Recently, comprehensive reference cell maps across organs have been established in human4,5 and mouse6,96. Although the Monkey Atlas did not provide exhaustive characterization of all organs in cynomolgus monkeys, it does offer a rich dataset of the most populously studied organs in biology. In this regard, we performed cross-species integration analysis of cell maps to explore the molecular and cellular differences among the three species (human, cynomolgus monkeys and mouse) with comprehensive single-cell data. We noticed that cynomolgus monkeys and human both have abundant immune cells and epithelial cells and a comparative composition of cell types in matched organs. This indicates that cynomolgus monkeys are ideal models to study complex diseases. The differences in cell compositions and gene expression of human, mouse and monkey cells may provide scientists with a guide basis for selecting experimental animals.

Although we have provided relatively rich single-cell multi-omics data in cynomolgus monkey, there are still several limitations of the current study. First, only one male and one female monkeys were included in the analysis. It is therefore challenging to explore genes with sex-biased expression and other sex-related differences in our analysis. Second, the majority of the samples were taken from a single individual monkey. We cannot assess the impact of substantial cellular heterogeneity within the same organ or tissue. Nevertheless, there is a good match of expression patterns and cell compositions between male and female monkeys in the organs of liver, heart and colon. Third, there are still many functionally important organs or tissues (such as ovary, pancreas, and cerebellum) that have not yet been included in our study due to limited resources. In addition, some scRNA-seq samples do not have matched scATAC-seq data, which may restrict unbiased exploration of DNA regulatory elements in specific organs.

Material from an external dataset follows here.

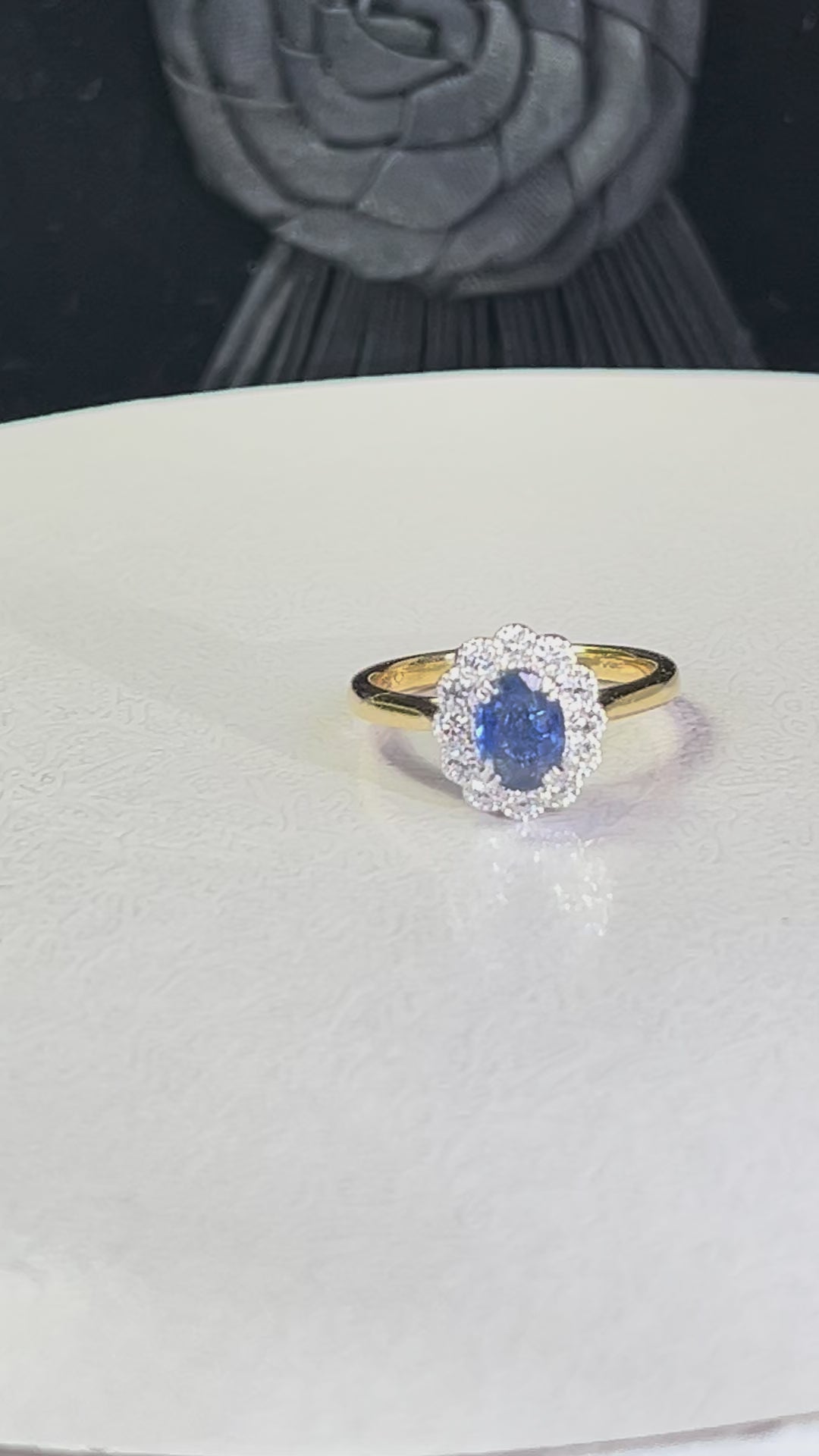 A beautiful cluster ring featuring an oval-cut mid to dark blue sapphire measuring 7 × 5 mm (approximately ¾ carat). The sapphire is complemented by a striking outer halo of twelve brilliant-cut white diamonds, each 2 mm in size, with a total diamond weight of approximately 0.25 carats.

During the revision of our manuscript, we acknowledge that a very recent study by Han et al. provided a large-scale cell transcriptomic atlas in cynomolgus monkeys97. Both this study and ours bear striking similarities in terms of investigated organs/tissues and annotated cell components. Regardless of the differences of analytical focuses between the two studies, there are at least three aspects to demonstrate that the two studies are complementary to each other. First, although Han et al. included more tissue samples (n = 45), there are some organs / tissues (including breast and muscle) not covered but included in our data. Second, Han et al. mainly adopted single-nucleus RNA sequencing (snRNA-seq) to profile frozen tissues. However, nuclei have lower amounts of mRNA and less complexity of cell types compared to cells98. In contrast, our scRNA-seq data generated from fresh tissues provide more information including both cytoplasmic and nuclear transcripts, allowing to annotate potential new but rare cell types (such as neutrophils and spermatid cells) which were not mentioned by Han et al.98. Lastly, Han et al. provides only one scATAC-seq sample in kidney, while the eight samples in seven different organs provided in our study is a well complement to the cynomolgus monkey database.

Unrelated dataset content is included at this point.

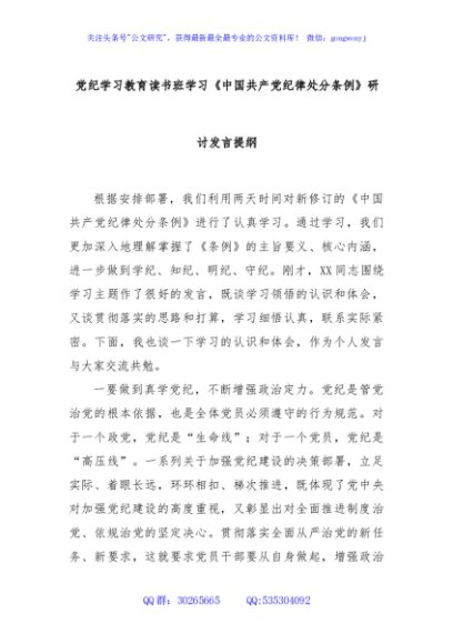 / 党纪学习教育读书班学习《中国共产党纪律处分条例》研讨发言提纲

In conclusion, our Monkey Atlas together with the cell transcriptomic atlas by Han et al.98 provide valuable information about the most populous and important cell populations in cynomolgus monkey, which are stepping stones for preclinical studies in future.

Methods

Organ tissue collection

Two healthy four-year-old cynomolgus monkeys were raised from the monkey breeding base of Changchun Biotechnology Development Co., Ltd., Guangxi, China. The managing protocols of the monkeys were carried out in accordance with the standard procedures referring to Guide for Care and Use of Laboratory Animal (2010) and the principles on Animal Welfare Management (Public Law 99-198). The sample collection of cynomolgus monkey and research conduction in this study were approved by the Research Ethics Committee of the Changchun Biotechnology Development Co., Ltd. (Approval Number: 21001). Tissues were collected from 16 different organs, including trachea, spleen, stomach, kidney, uterus, tongue, testis, muscle, lung, liver, heart, colon, breast, bladder, adipose and aorta. Specifically, tissues were firstly cut into 1-2 mm3 pieces in RPMI-1640 medium (Gibico) with 12% fetal bovine serum (FBS, Gibico), then enzymatically digested with gentleMACS (Miltenyi) according to manufacturer’s instruction. Cells were passed through a 70 μm cell trainer (Miltenyi) and centrifuged at 300 g for 5 min at 4 °C. The pelleted cells were re-suspended in red blood cell lysisbuffer (Beyotime) and incubated 1 min to lyse red blood cells. After wash twice with 1XPBS (Gibico), the cell pellets were re-suspended in sorting buffer (PBS with supplemented with 1% FBS). Single cells were captured by the 10 × Genomics Chromium Single Cell 3’ Solution. scRNA-seq library was conducted by Shanghai Xuran Biotechnology and scATAC-seq library was conducted by LC-Biotechnology (Hangzhou, China) and prepared following the manufacturer’s protocol (10 × Genomics). The libraries were subjected to high-throughput sequencing on the Novaseq6000 platform, and 150-bp paired-end reads were generated.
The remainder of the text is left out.